TASK DIRECTIONS: Every line of the listing below is to be duplicated exactly, with the pictures left out.

PROVIDED MATERIAL:
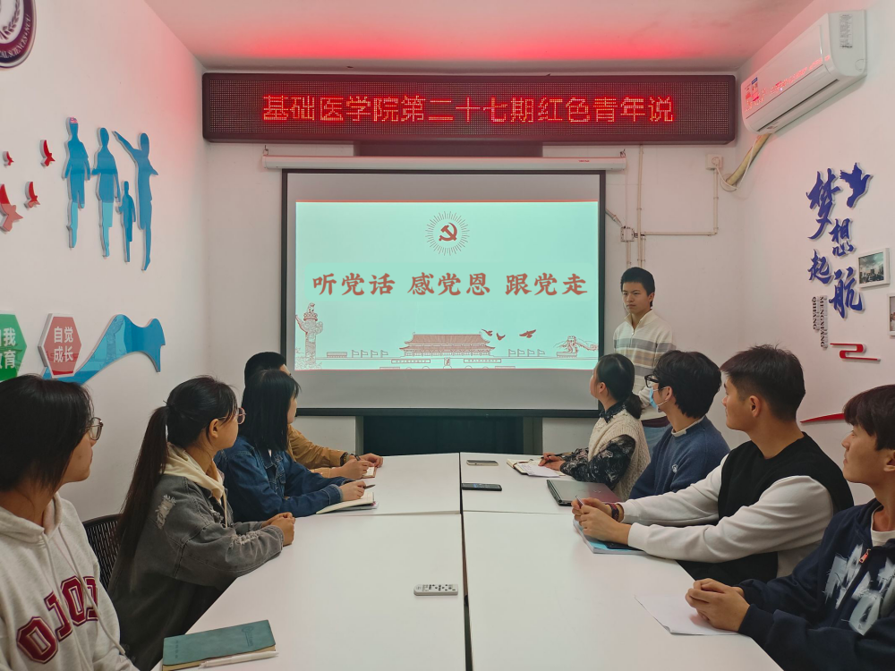 青年的理想信念关乎国家未来。为进一步加强青年学生的思想引领工作,提高青年学生的凝聚力与党性修养,基础医学院本科生党支部于4月开展了第27期“红色青年说”微党课。本期由梅铎濛同学围绕“听党话,感党恩,跟党走”进行主讲,本科生党支部及理研会成员共计20余人参加此次微党课学习。
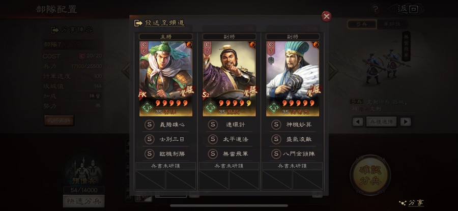 援助*1 靈動*2 踩踏*1 扶危*1 靈動*2 好學*2 雄烈 祈禱 奇門 道綱 出奇 精神 天公 長健 無間
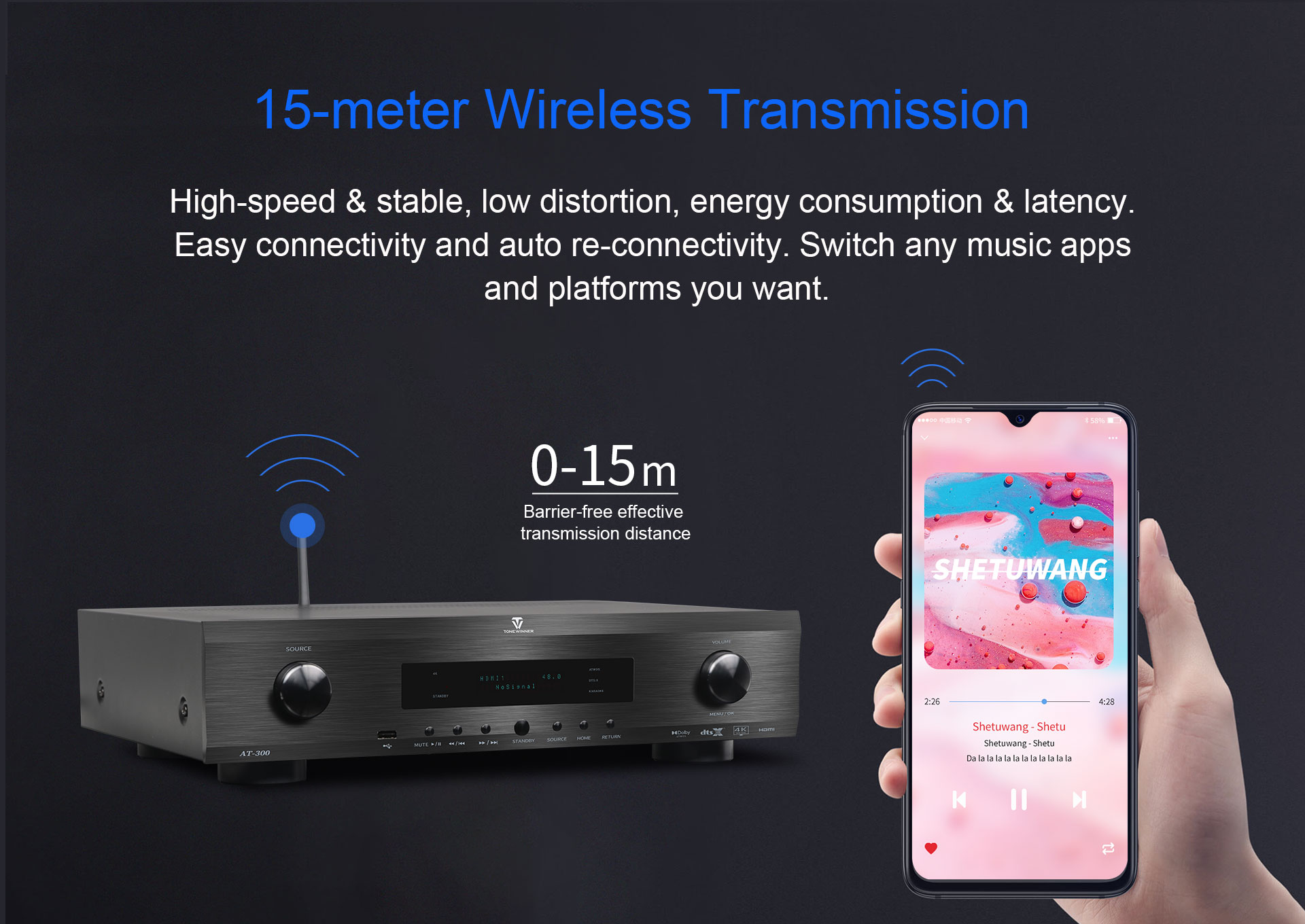 Obsługa dysków USB 128 GB, kart TF i formatów APE, FLAC, WAV, MP3, WMA.

YOUR RESPONSE:
 青年的理想信念关乎国家未来。为进一步加强青年学生的思想引领工作,提高青年学生的凝聚力与党性修养,基础医学院本科生党支部于4月开展了第27期“红色青年说”微党课。本期由梅铎濛同学围绕“听党话,感党恩,跟党走”进行主讲,本科生党支部及理研会成员共计20余人参加此次微党课学习。
 援助*1 靈動*2 踩踏*1 扶危*1 靈動*2 好學*2 雄烈 祈禱 奇門 道綱 出奇 精神 天公 長健 無間
 Obsługa dysków USB 128 GB, kart TF i formatów APE, FLAC, WAV, MP3, WMA.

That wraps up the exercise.